Overnight – Cohn Resignation Set to Weigh on Wall Street: The biggest news overnight came less than an hour after U.S. trading closed Tuesday when news broke that Gary Cohn would step down as the President’s chief economic advisor. Cohn, who was considered a friend of Wall Street and vital in Republicans’ success in passing the tax bill, had argued against the announcement of steel and aluminum tariffs. The market’s disappointment with Cohn’s departure was quickly and clearly evident. U.S. equity futures sank, Treasury yields fell, and the Dollar snapped lower. The negative sentiment and weaker Dollar compounded the effects in Asia where every major index was weaker on Wednesday. Equity pressure has been less severe in Europe but sovereign curves have fallen and flattened, almost exclusively, and yields are trading near their lows of the day. The 2-year Treasury yield was down 1.8 bps, the 5-year yield was down 3.5 bps, and the 10-year yield was 3.7 bps lower. Lost in the Cohn shuffle, were remarks in a speech from Fed Governor Brainard (more below) that suggested multiple tailwinds to U.S. growth could speed up the pace of Fed rate increases. Those remarks, coming from one of the biggest doves on the voting committee, appeared to add pressure to equity selling and briefly support a move up in yields.
Brainard Raises Brows After Saying Multiple Tailwinds Could Speed up Pace of Fed Hikes: Fed Governor Brainard, one of the more dovish Fed officials with a vote, took a different tone in some of her first public remarks on monetary policy since late last year. Brainard said in a Tuesday evening speech “The macro environment today is the mirror image of the environment we confronted a couple of years ago. …In the earlier period, strong headwinds sapped the momentum of the recovery and weighed down the path of policy. Today, with headwinds shifting to tailwinds, the reverse could hold true (emphasis added).” She added “The most notable tailwind is the shift in America’s fiscal policy stance from restraint to substantial stimulus in an economy close to full employment.” Therefore, Brainard believes, “Continued gradual increases in the federal funds rate are likely to remain appropriate to ensure inflation rises sustainably to our target and to sustain full employment, …Of course we should be ready to adjust the path of policy in either direction if developments turn out differently than expected.”

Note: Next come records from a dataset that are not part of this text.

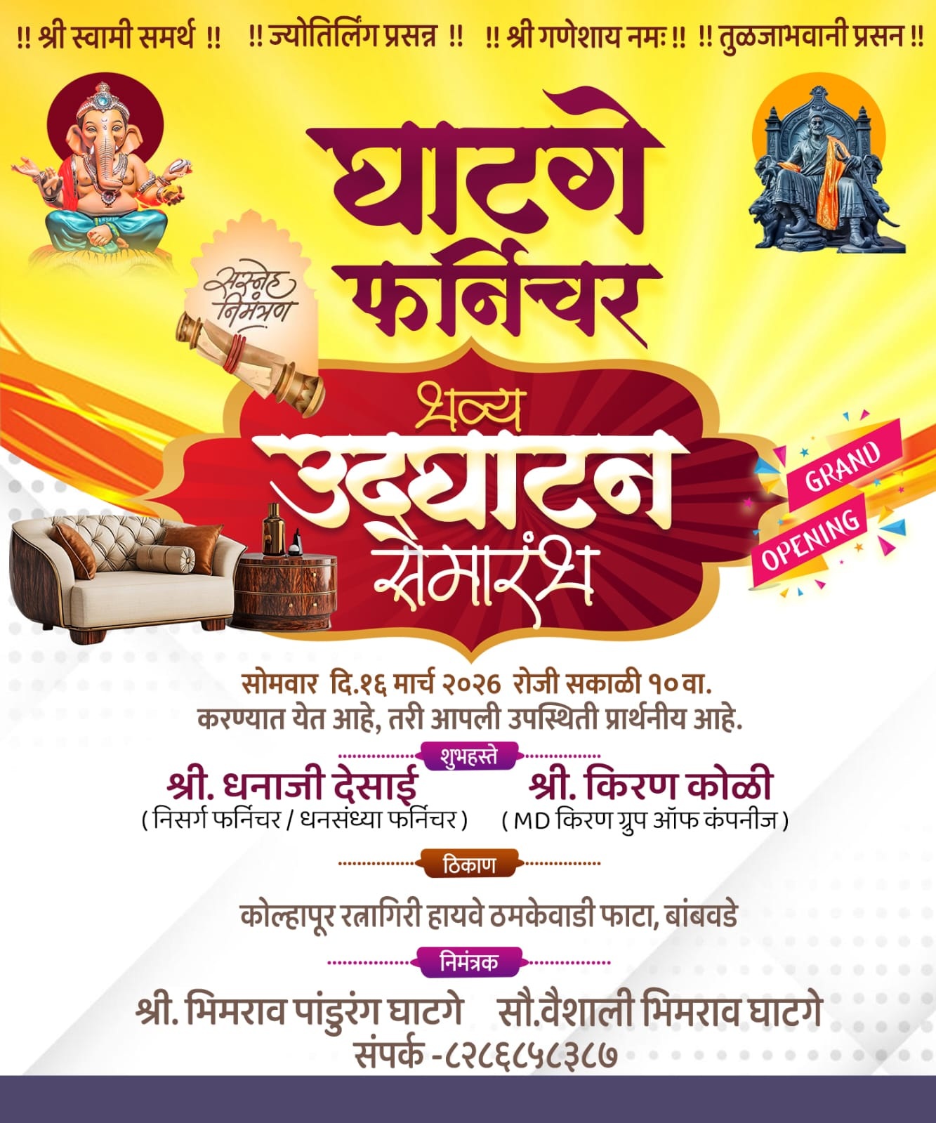 बांबवडे : गोगवे पैकी ठमकेवाडी तालुका शाहुवाडी इथं “ घाटगे फर्निचर ” या फर्निचर दालनाचे भव्य उद्घाटन उद्या दि.१६ मार्च २०२६ रोजी सकाळी १०.०० वा. होत आहे. या उद्घाटन सोहळ्यास तालुकावासियांनी भेट द्यावी, सदर चे उद्घाटन ठमकेवाडी (गोगवे पैकी )फाटा बांबवडे,रत्नागिरी-कोल्हापूर रोड इथं संपन्न होणार आहे. असे आवाहन श्री भीमराव पांडुरंग घाटगे राहणार सैदापूर तालुका शाहुवाडी यांनी केले आहे.
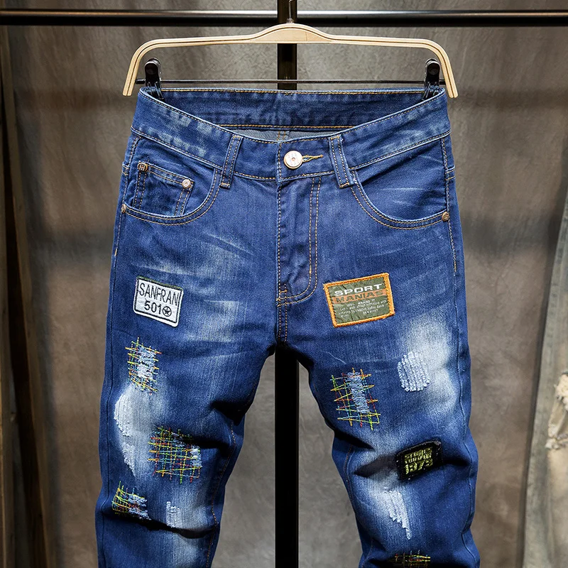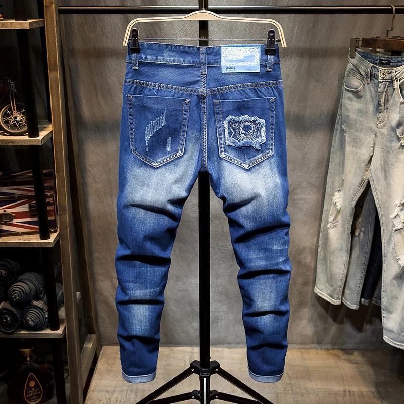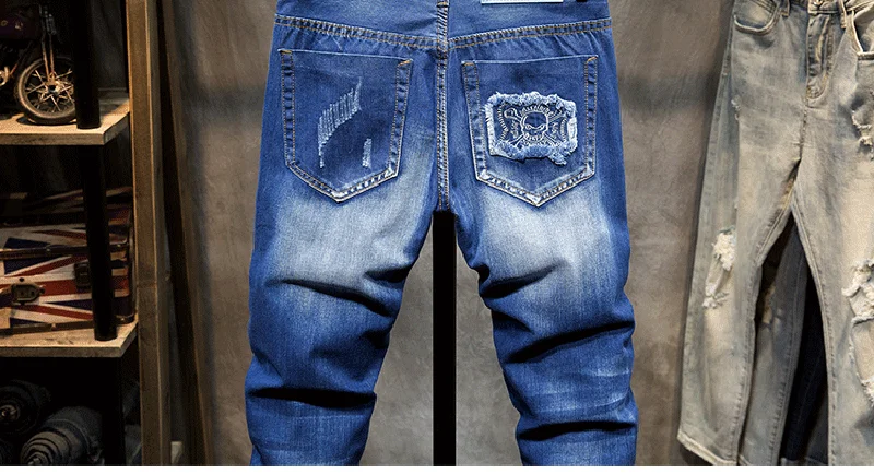 Джинсы для мужчин, тонкие джинсовые брюки, байкерские, высокое качество, мужские прямые, повседневные, дизайнерские, рваные, удобные, усовершенствованная Мода E20/1765
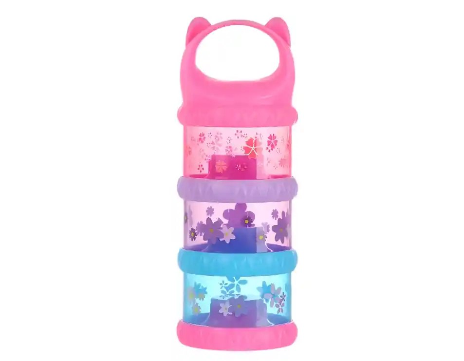Dispensador de leche, fórmula o alimentos. 3 compartimentos Libre de BPA Disponible en hermosos diseños. Medidas: 21* 7,8 cms
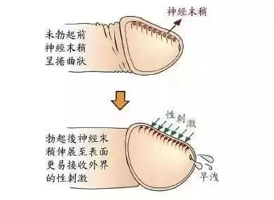 过长的包皮平时包裹着龟头,导致龟头无法完全暴露,由于龟头长期被包裹,缺乏外界的刺激,龟头黏膜的神经就会十分敏感,在性生活过程中,勃起的龟头完全暴露,直接与阴道壁发生接触和摩擦,这样强烈的刺激,过于敏感的龟头难以承受,从而很快就发生射精。
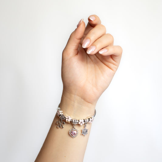 Brățară reglabilă sea of love cu charm-uri și pietre - Argintiu, Roz
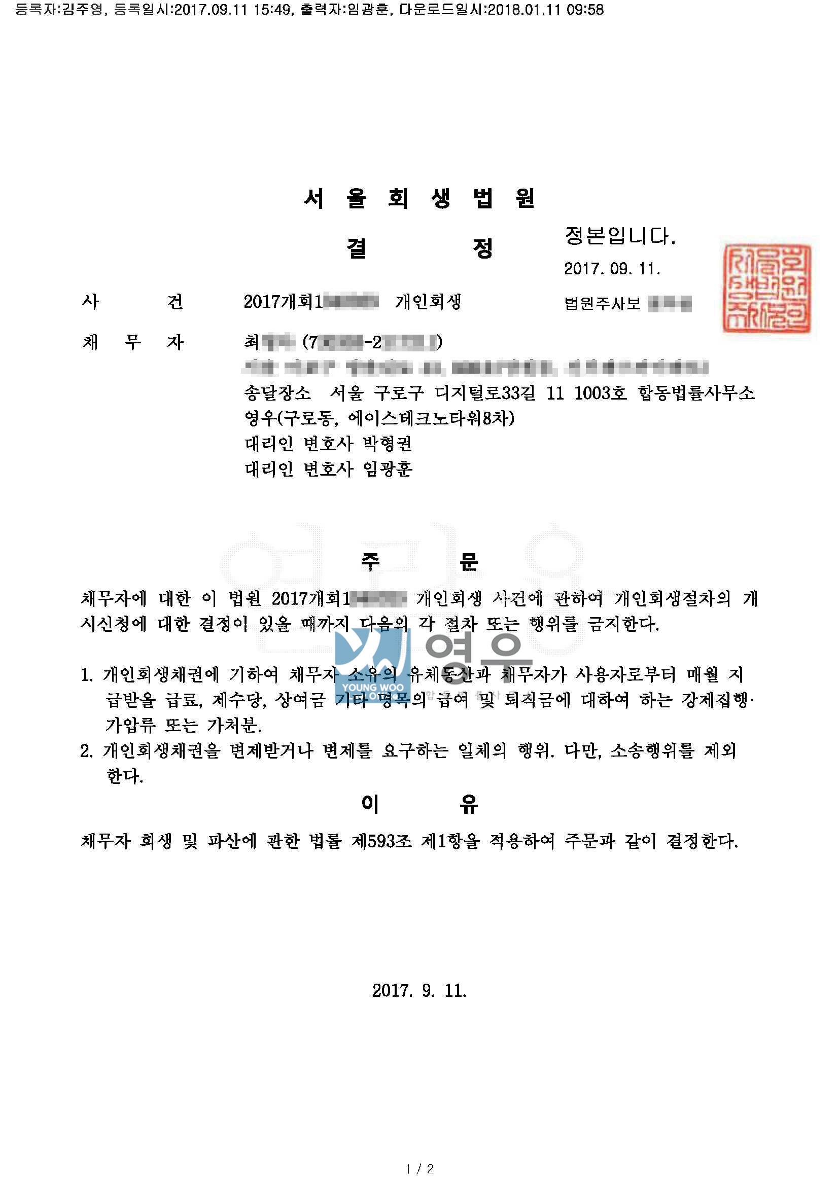 [서울회생법원] 개시신청 후 3일만에 금지명령 결정 빚독촉 방어성공
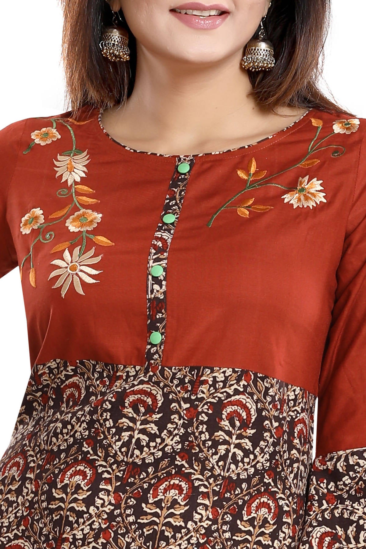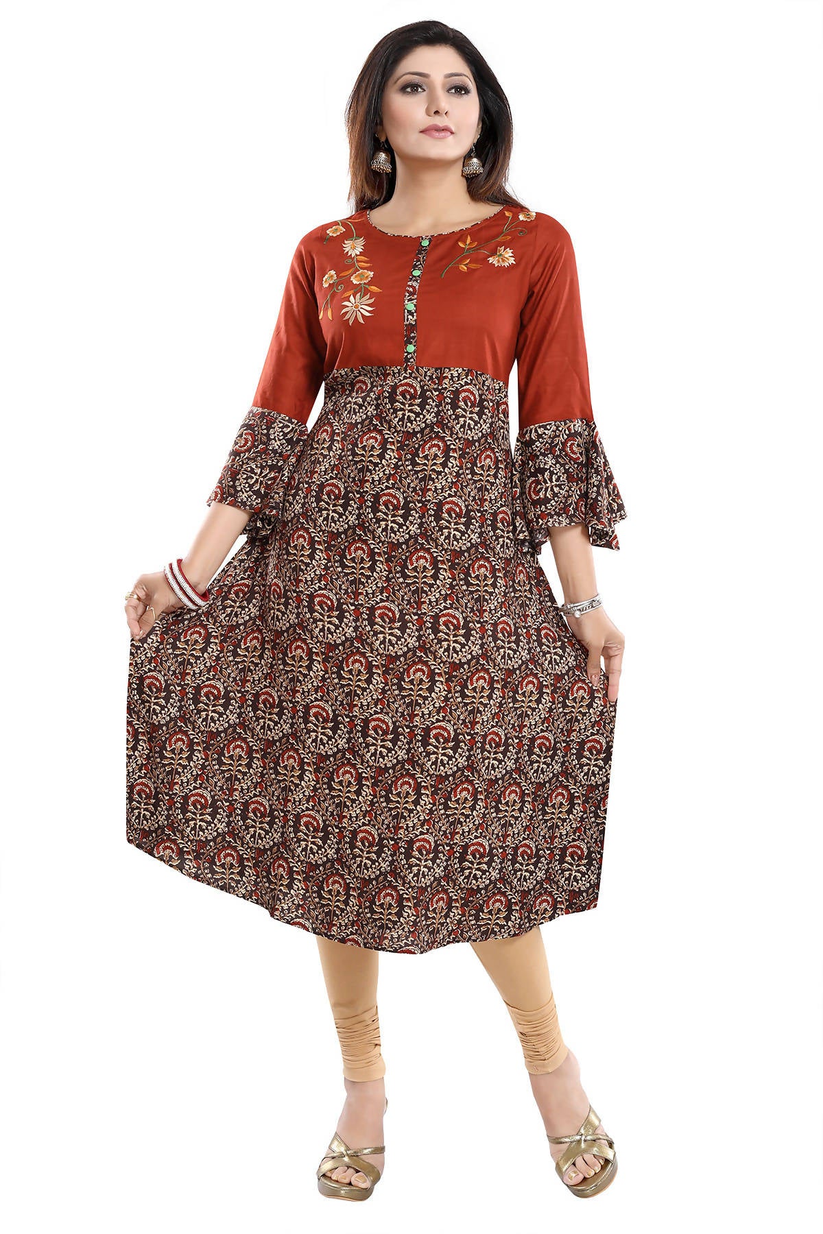 Snehal Creations Rust Rayon Printed Flared Long Tunic
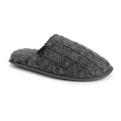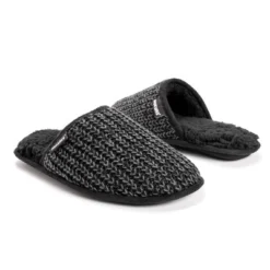 Slide on MUK LUKS Men’s Gavin Scuff Slippers for ultimate comfort. This knit slipper is lined with faux fur to keep toes warm and the foam insole will keep you comfortable while lounging indoors or outdoors. Wipe with a damp cloth. No bleach. Lay flat to dry. Imported.-TPR Indoor/Outdoor Sole-100% Polyester Faux Fur Insole-100% Acrylic Upper-100% Polyester Faux Fur Lining-Foam Insole-Men’s Whole Sizes S (8-9), M (9-10), L (11-12)-Multiple color options available
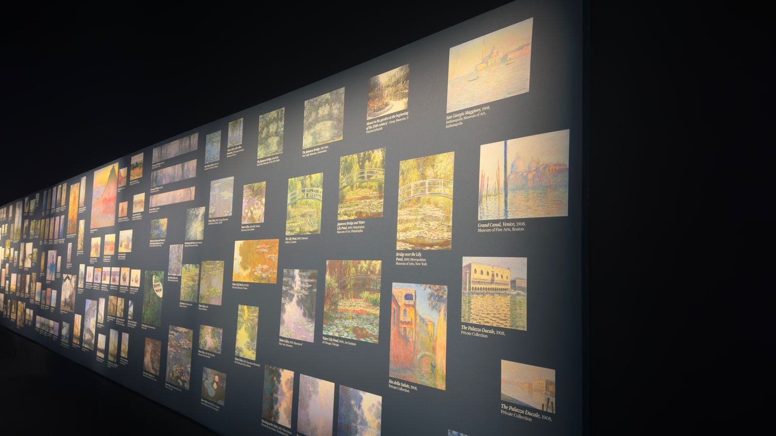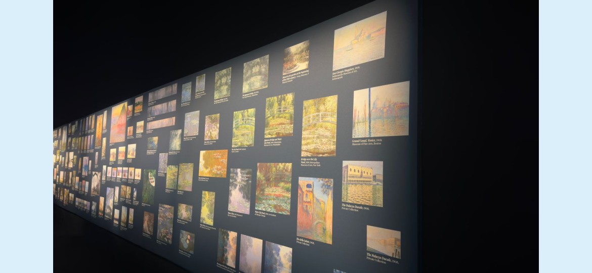 ومن روعة هذا الرسام العالمي حتى حين أصيب بالعمى بفقده لبصره في مرحلة من عمره لم يترك الرسم بل كان الإبداع ملازم له، وفي هذا المعرض حيث خصصت لأشهر رسوماته مساحة كبيرة أشبه بغرفة مغلقة تحيط بها الجدران من كل الجهات وتظهر عليها رسوماته الإنطباعية بطريقة خيالية على كامل واجهات جدران الغرفة مع السقف والأرضية وتموج بالناظر للحائط بطريقة تفاعلية كما اسلفنا ثنائية الأبعاد.
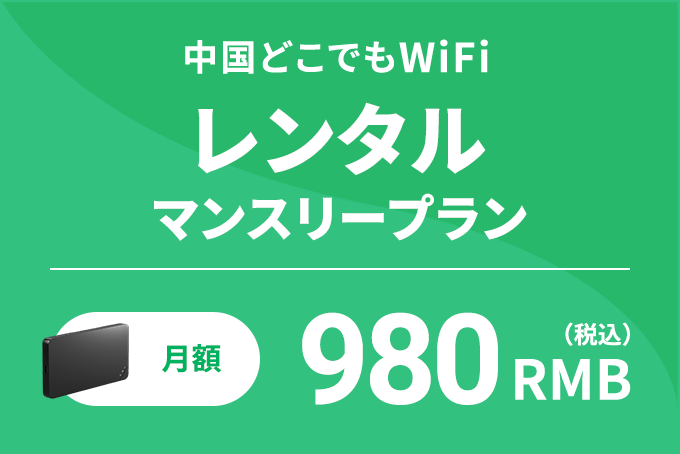 ・30日間980RMBのシンプル料金です(渡航前日をご利用開始日として課金開始)。その他の送料・受取手数料はありません。
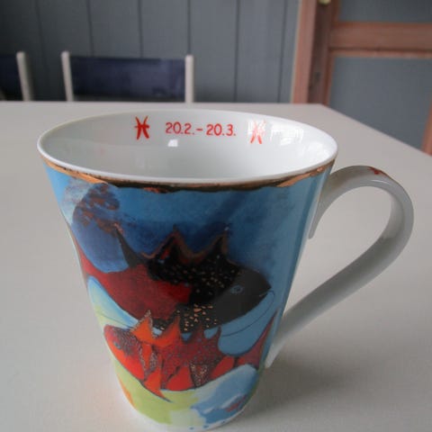 Iittala Taika krus i rødt porselen. Kruset har et dekorativt motiv med fugler og trær i blått, hvitt og andre farger på rød bakgrunn, og hvit innside. Utstyrt med hank. Tåler oppvaskmaskin, mikrobølgeovn, fryser og stekeovn (ifølge merking under kruset). Egnet til varme og kalde drikker som kaffe, te og kakao.
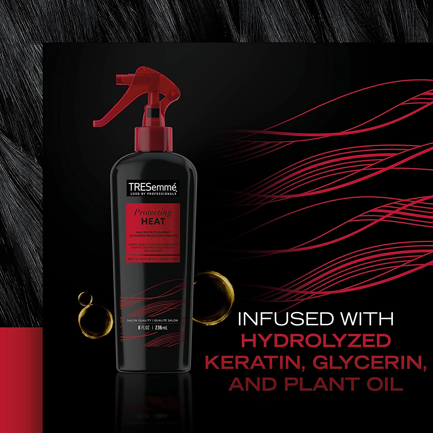 Most of us are guilty of going straight for our heat styling tools, but eventually, that heat causes split ends and dry hair. So, before you heat style, you need a hair protectant spray to prep and protect your locks. Use TRESemmé Protecting Heat Spray for a finished look that's shiny and undeniably soft. Would you ever grab a hot pan without oven mitts? No. And when heat appliances like flat iron spray and curling irons can reach up to 450°F, you should never use them on your hair without a heat protectant spray for hair either. Our TRESemme Heat Protection is a hair heat protectant designed to enhance hair's flexibility to re-form and hold its shape without getting damaged for ultimate hair heat protection. It's perfect hair protection from heat for those of us who love to style but need to restore vibrancy and shine to dried-out, damaged hair. How to use: Spray this heat protection spray on your hair liberally 6-8 inches away, from mid-shaft to ends, on both damp hair before you blow-dry and dry hair before curling or flat ironing. TRESemmé is an industry leader in providing you with salon-ready hair quality products.
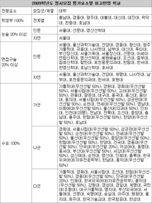 각 대학의 모집군이나 전형별 평가요소는 이미 확정된 상태지만, 평가요소별 반영비율과 방법에는 다소 변화가 있을 수도 있다. 예컨대 ‘수능 100% 전형’이라고 하더라도 세부 내용까지 똑같지는 않다. 반영하는 영역, 각 영역별 가중치, 구체적 모집방법에는 분명한 차이가 있기 때문이다. 따라서 자신이 지원할 대학의 전형안에 꾸준한 관심을 가져야 한다.
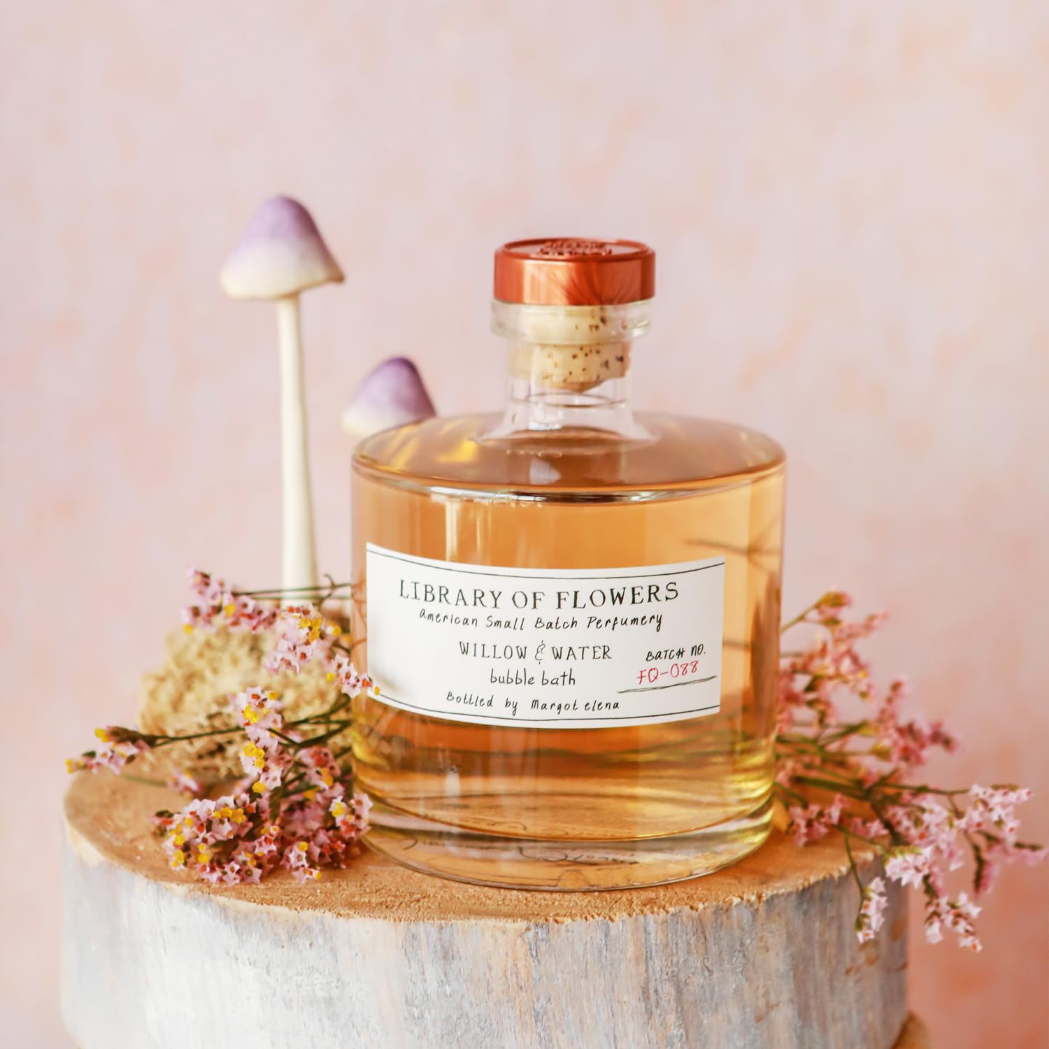 Library of Flowers Willow & Water Bubble Bath, 17 fl. oz., Cut Greens, Flowering Lotus & Watercress, Relaxing & Gentle Luxury Bubbling Soap, Hydrating & Deep Moisturizing, Cocoa Butter & Green Tea
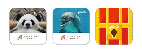 コラボを記念して、「giftool【宝箱】」に動物たちが飛び出すアドベンチャーワールドオリジナルデザインが登場!

Factory Orders’ Fall Matched Expectations, Capital Goods Activity Revised Lower: Last week’s preliminary disappointment in January’s capital goods data, a key leading indicator for business investment equipment, deepened slightly Tuesday as revisions were rolled out as part of the month’s Factory Orders report. Total factory orders were down 1.4% (ex-transports +0.4%) as expected and the big estimated drop in transport orders, largely responsible for the estimated 3.6% decline in overall durable goods orders, was confirmed. In the important capital goods components, the initial 0.2% drop in orders was revised to -0.3% and a 0.1% pick-up in shipments was changed to a 0.1% pullback.